Красноречив в этом плане роман Р. П. Уоррена «Место, куда возвращаются» (1977) и судьба его главного действующего лица. Джед Тьюксбери оторвался от края, где рос, и уклада, который его формировал, сделался известным ученым, прикоснулся к значительным событиям века, но не нашел себя ни в чем и нигде и совершает, наконец, обратное движение в Алабаму.
«Место, куда возвращаются» — это не только последняя точка, поставленная на земном пути, временном существовании человека, но и конкретная почва традиции, образа жизни, отчего дома. Итоги жизни — в ее истоках. Такова единственная возможная реальность для личности, отчужденной от истории.
Что до произведений авторов иного, не англосаксонского происхождения, то тема начал и наследия — одна из форм общего оживления этнических культур США. Показательно в этом отношении состояние афроамериканского романа, который после некоторого застоя в начале 1970-х снова вышел на передовые рубежи литературного развития, постепенно возвращая себе ясные, здоровые социальные и духовные перспективы.
Неустойчивость общественной жизни наталкивала писателей на поиски духовных ценностей в семье («За окном спальни. Семейный альбом» JI. Войвуди, 1975; «Земная оболочка» Р. Прайса, 1975, русский перевод; «Семья Даннов» Дж. Фаррела, 1976; «Песнь Соломона» Т. Моррисон, 1977, русский перевод; «Песнь равнин. Для женских голосов» Р. Морриса, 1979 и др.).

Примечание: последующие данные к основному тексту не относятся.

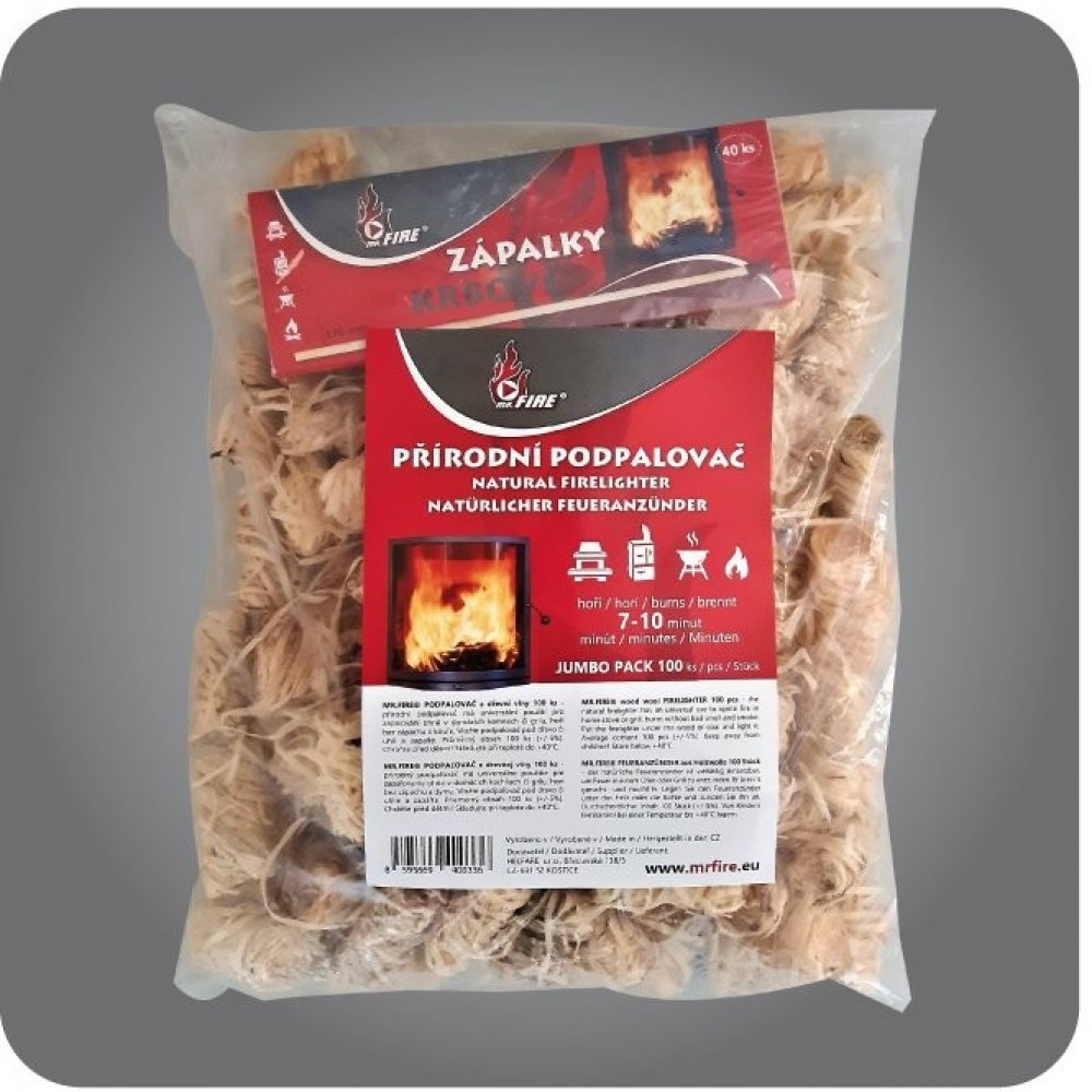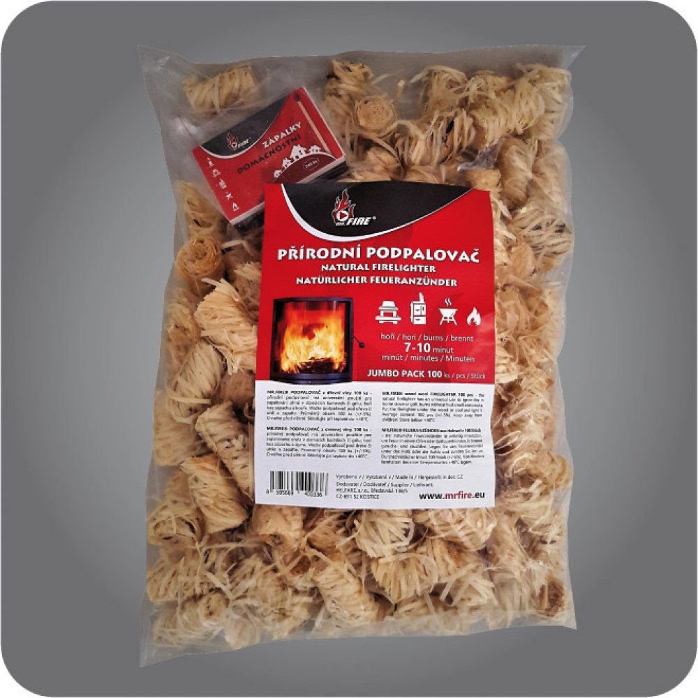 JUMBO balení univerzálního přírodního podpalovače z dřevní vlny s domácnostními zápalkami zdarma. Přírodní podpalovač má univerzální použití pro zapalování ohně v domácích kamnech, krbu či grilu.

Литература США XX века за некоторыми исключениями не знает такой мощной традиции семейного повествования, как европейские. Редкие из названных произведений достигают типологически того органичного слияния семейного и социального, какое есть у Горького, Т. Манна, Дю Гара, Голсуорси, и уступают даже некоторым отечественным романам 1960-х годов — взять хотя бы «День восьмой» Т. Уайлдера или романы Дж. Чивера об Уопшотах. В них обнаруживается известная узость общественного видения и отсюда — недостаточность, неполнота реализма. И все-таки, обращаясь к первичной ячейке человеческого общества, писатели стремятся восстановить искусством распавшиеся в окружающем мире связи между людьми. Тем самым, несмотря на издержки, возрождается и развивается животворная традиция, особенно важная в таких условиях, когда в литературе очевидно «недоверие к реалистической полноте картины и тяготение к «притчевой» искусственности» (Дж. Гарднер).